--- EXERCISE OBJECTIVE ---
Please write out the full listing beneath this line exactly, skipping its images.

--- RECORD SET ---

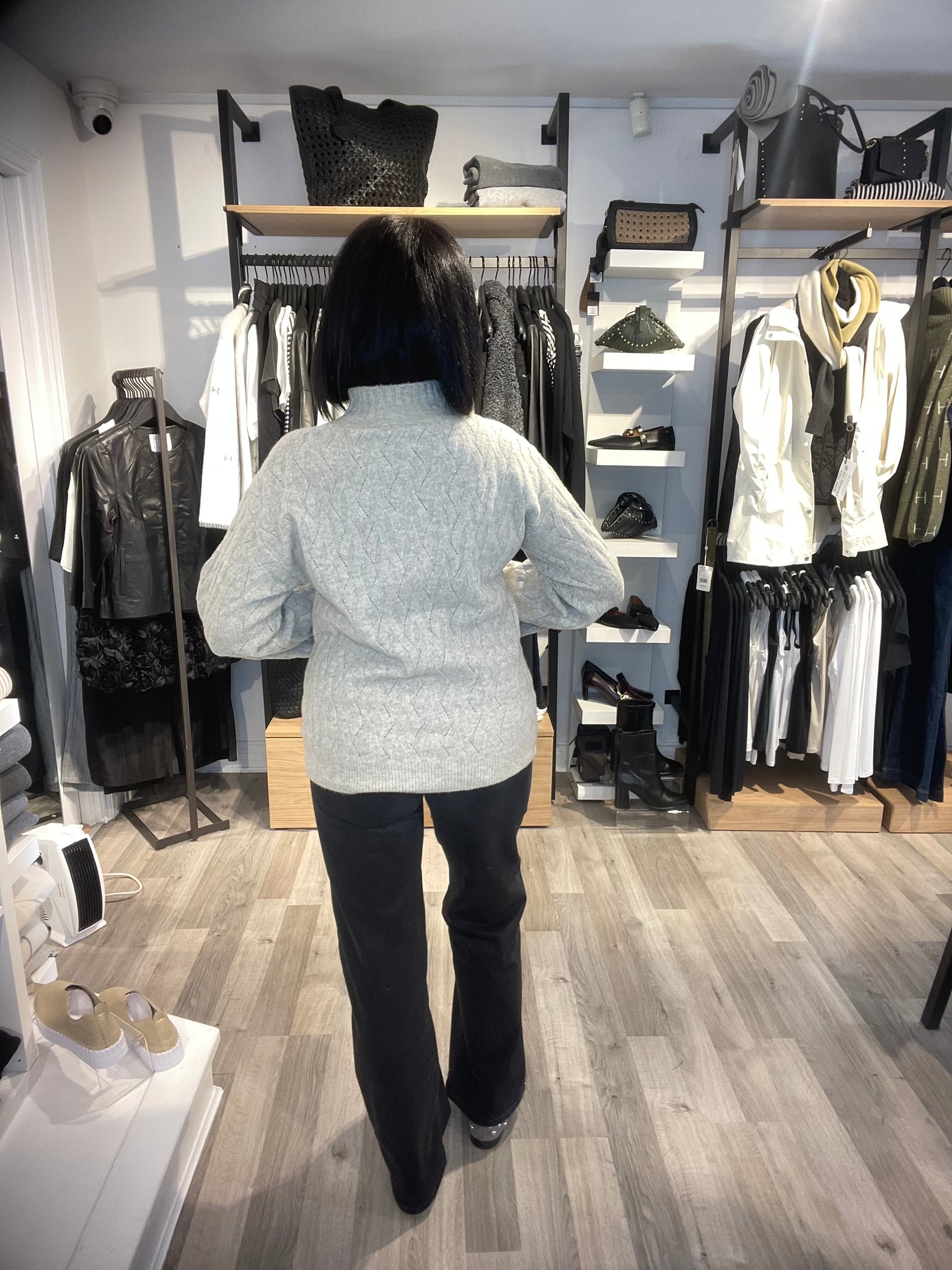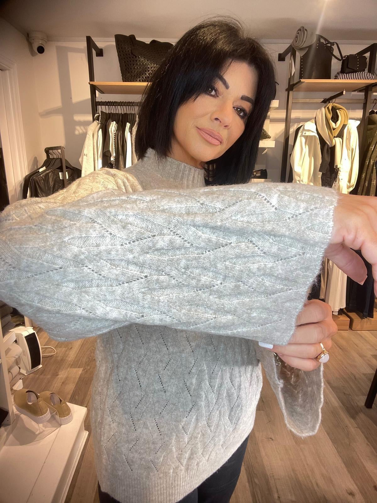 A beautiful quality knit sweater in straight style with detail knit pattern. Features a wide sleeve.
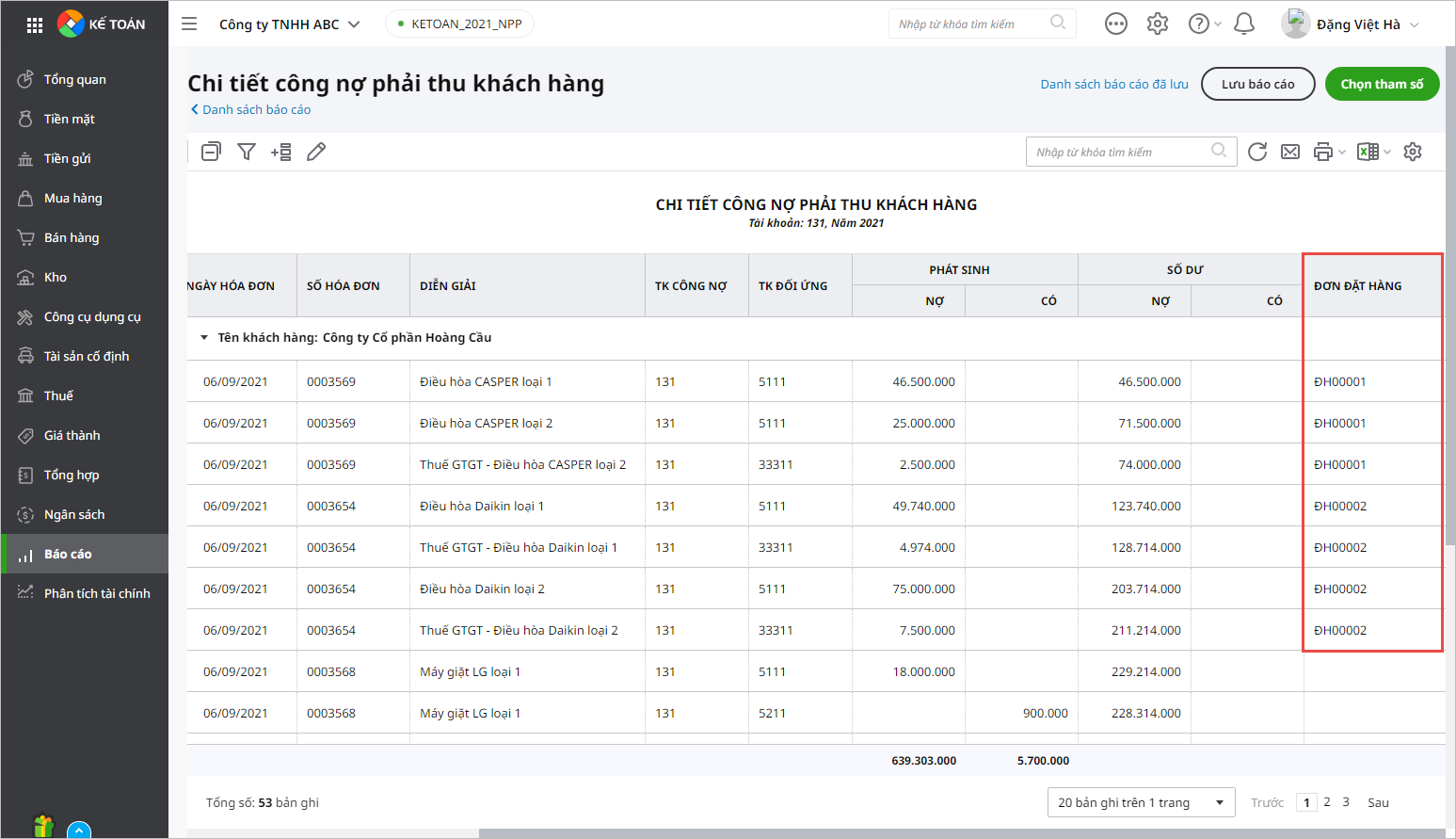 - Trên Sổ chi tiết công nợ phải thu khách hàng bổ sung thêm thông tin đơn đặt hàng:
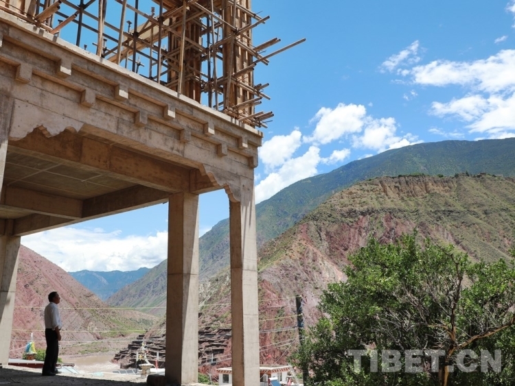 在村子里一間傳統水磨坊旁邊的空地上,加達村村民次仁鄧培的新房主體支架已經完成,幾個建筑工人正在忙碌著。
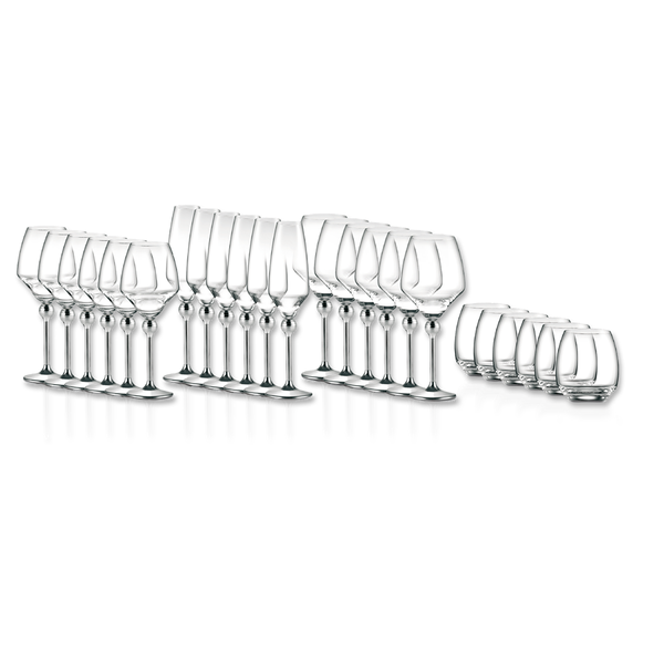 The 24-piece Magic Harmony Stainless Steel drink set includes red and white wine glasses, Champagne or sparkling wine flutes and water/whiskey glasses. The goblets are made of ecological and lime scale resistant crystalline glass, with a perfect balance, feel and weight in-hand. The crystal enhances the colour and aroma of red and white wines, and encapsulates the flavour and character of other drinks. The glasses are lead-free, yet with the same resonance, resilience and brilliant clarity as fine crystal, but lighter in weight. The versatile stems can be matched to all sets of goblets and are available in either the elemental natural steel colour or in the colour of gold to give an opulent aesthetic to your drinking glass.
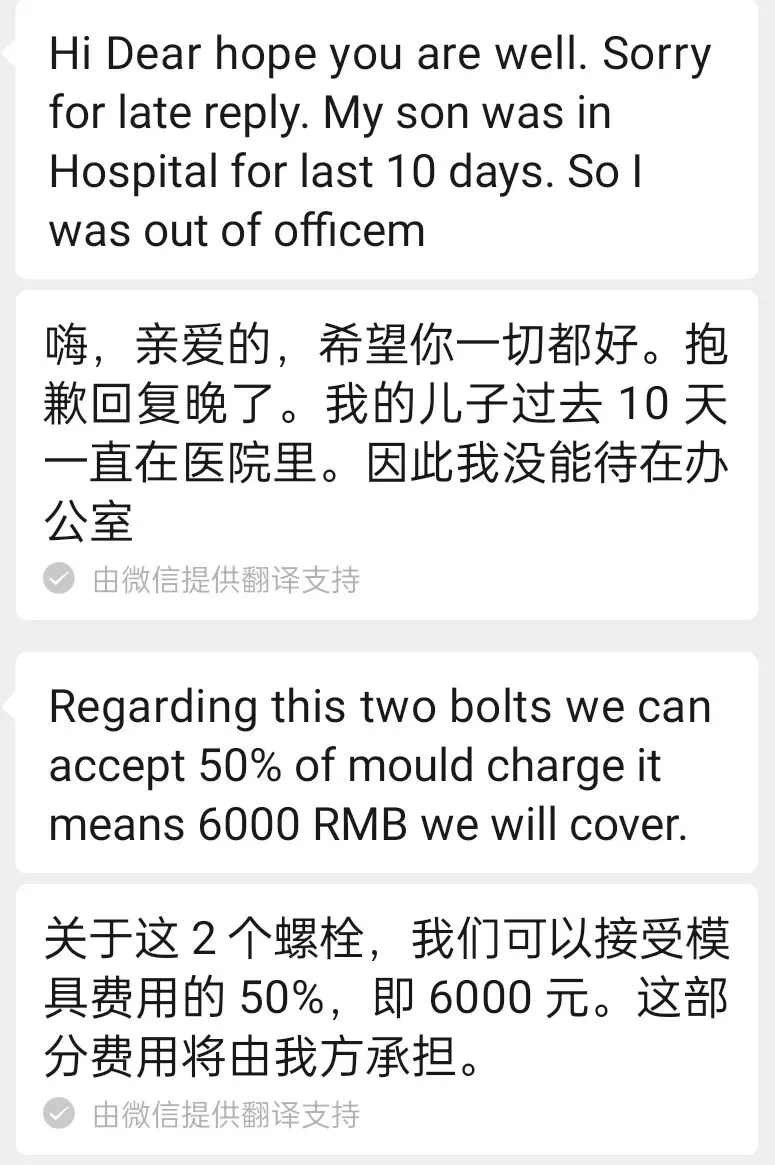 客户很快回复了。让我意外的是,他没有直接同意,但提出了一个折中方案:“我们可以承担一半模具费,6000元。”
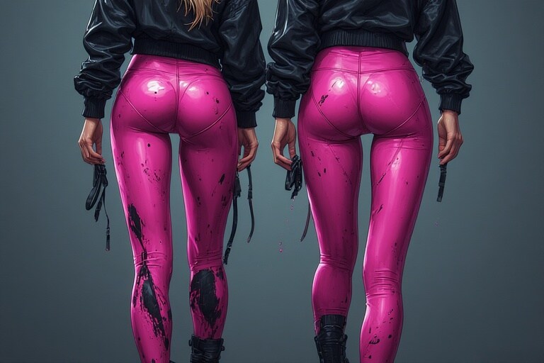Both women were rocking pink wetlook leggings that shimmered with every step, paired with sleek black wetlook long-sleeve tops. The combination was daring, futuristic, and a little bit otherworldly like they’d stepped straight out of a high-fashion music video and accidentally wandered into reality. Pedestrians paused mid-step. Some whispered. Some openly stared. Even the pigeons hesitated, trying to figure out if they had accidentally landed on a runway.
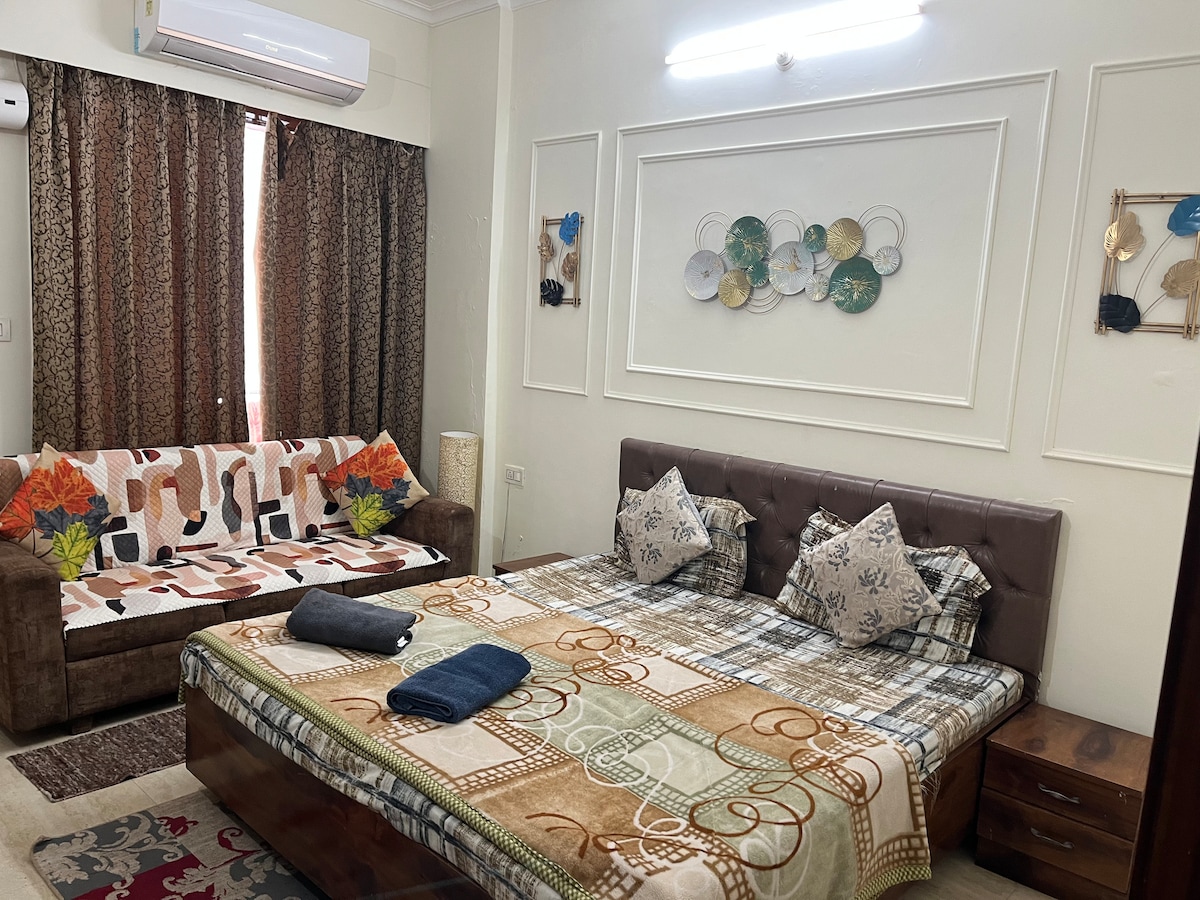 Welcome to a fully air-conditioned flat in the hills, located inside the gated community of Deecon Valley in Tapovan. This beautiful apartment has two aircon. ONLY HOMLEE FLATS HAVE TWO ACs. LAXMAN JHOOLA IS ABOUT 1.5 KM ONLY. All our apartments have free parking, a Fully Equipped Kitchen, a 24/7 Caretaker, & availability of Homemade food. This is a large 750 sq feet 1 BHK apartment having 1 double bed 4 single and comfortable sofa beds and 2 washrooms making it comfortable for large families.
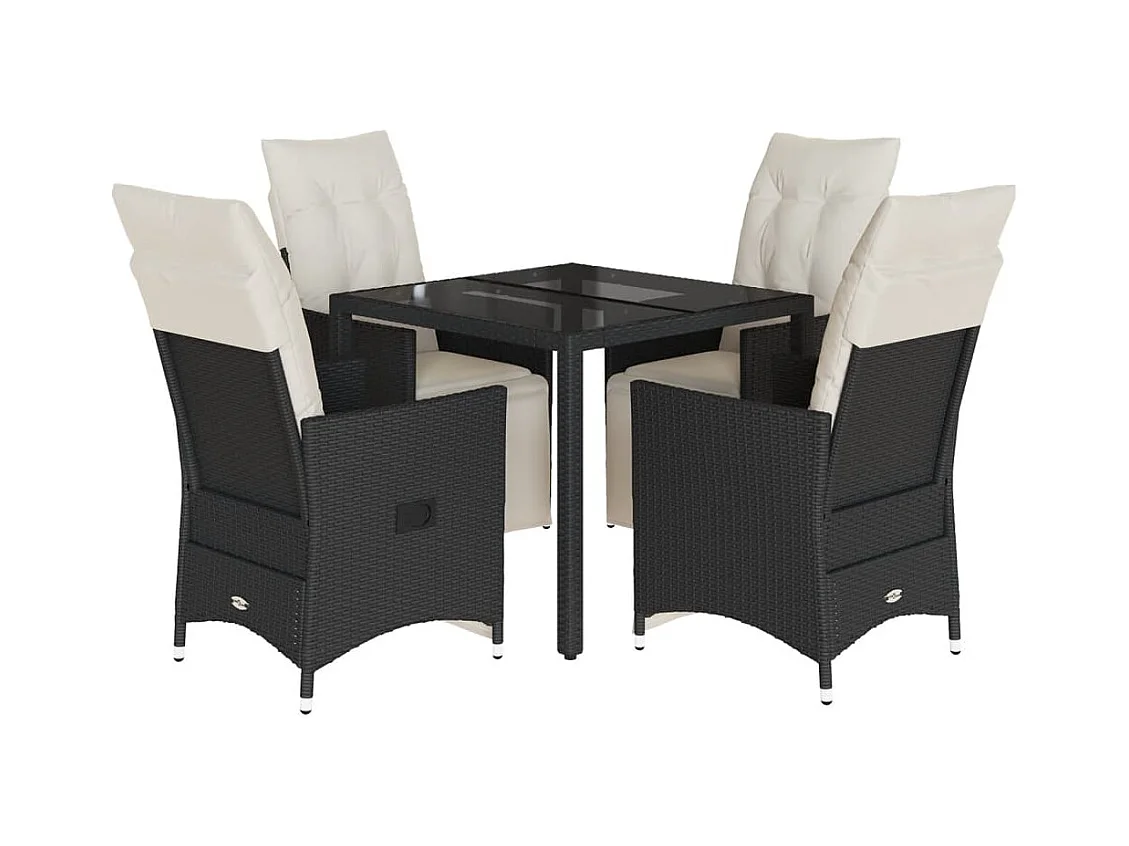 5-delige Tuinset met kussens poly rattan zwart
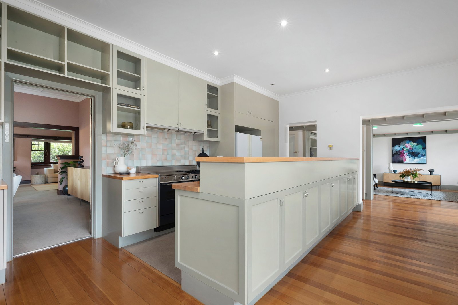 Prestigiously located in one of Brighton’s most coveted beachside neighbourhoods, this grand, circa-1930s solid brick California Bungalow on 1244 sqm* will captivate with a host of unique and outstanding features including a championship-size north/south tennis court. Cherished by the same family for almost four decades, the six-bedroom home’s classic features, such as timber batten panelling, ornate picture rails, fireplace with overmantel, and box bay windows, have been meticulously restored and maintained, while the classic styling has been continued in a later architect-led renovation and extension, with fittings and custom joinery that match the home’s original dimensions and features.

--- EXERCISE OUTPUT ---
 A beautiful quality knit sweater in straight style with detail knit pattern. Features a wide sleeve.
 - Trên Sổ chi tiết công nợ phải thu khách hàng bổ sung thêm thông tin đơn đặt hàng:
 在村子里一間傳統水磨坊旁邊的空地上,加達村村民次仁鄧培的新房主體支架已經完成,幾個建筑工人正在忙碌著。
 The 24-piece Magic Harmony Stainless Steel drink set includes red and white wine glasses, Champagne or sparkling wine flutes and water/whiskey glasses. The goblets are made of ecological and lime scale resistant crystalline glass, with a perfect balance, feel and weight in-hand. The crystal enhances the colour and aroma of red and white wines, and encapsulates the flavour and character of other drinks. The glasses are lead-free, yet with the same resonance, resilience and brilliant clarity as fine crystal, but lighter in weight. The versatile stems can be matched to all sets of goblets and are available in either the elemental natural steel colour or in the colour of gold to give an opulent aesthetic to your drinking glass.
 客户很快回复了。让我意外的是,他没有直接同意,但提出了一个折中方案:“我们可以承担一半模具费,6000元。”
Both women were rocking pink wetlook leggings that shimmered with every step, paired with sleek black wetlook long-sleeve tops. The combination was daring, futuristic, and a little bit otherworldly like they’d stepped straight out of a high-fashion music video and accidentally wandered into reality. Pedestrians paused mid-step. Some whispered. Some openly stared. Even the pigeons hesitated, trying to figure out if they had accidentally landed on a runway.
 Welcome to a fully air-conditioned flat in the hills, located inside the gated community of Deecon Valley in Tapovan. This beautiful apartment has two aircon. ONLY HOMLEE FLATS HAVE TWO ACs. LAXMAN JHOOLA IS ABOUT 1.5 KM ONLY. All our apartments have free parking, a Fully Equipped Kitchen, a 24/7 Caretaker, & availability of Homemade food. This is a large 750 sq feet 1 BHK apartment having 1 double bed 4 single and comfortable sofa beds and 2 washrooms making it comfortable for large families.
 5-delige Tuinset met kussens poly rattan zwart
 Prestigiously located in one of Brighton’s most coveted beachside neighbourhoods, this grand, circa-1930s solid brick California Bungalow on 1244 sqm* will captivate with a host of unique and outstanding features including a championship-size north/south tennis court. Cherished by the same family for almost four decades, the six-bedroom home’s classic features, such as timber batten panelling, ornate picture rails, fireplace with overmantel, and box bay windows, have been meticulously restored and maintained, while the classic styling has been continued in a later architect-led renovation and extension, with fittings and custom joinery that match the home’s original dimensions and features.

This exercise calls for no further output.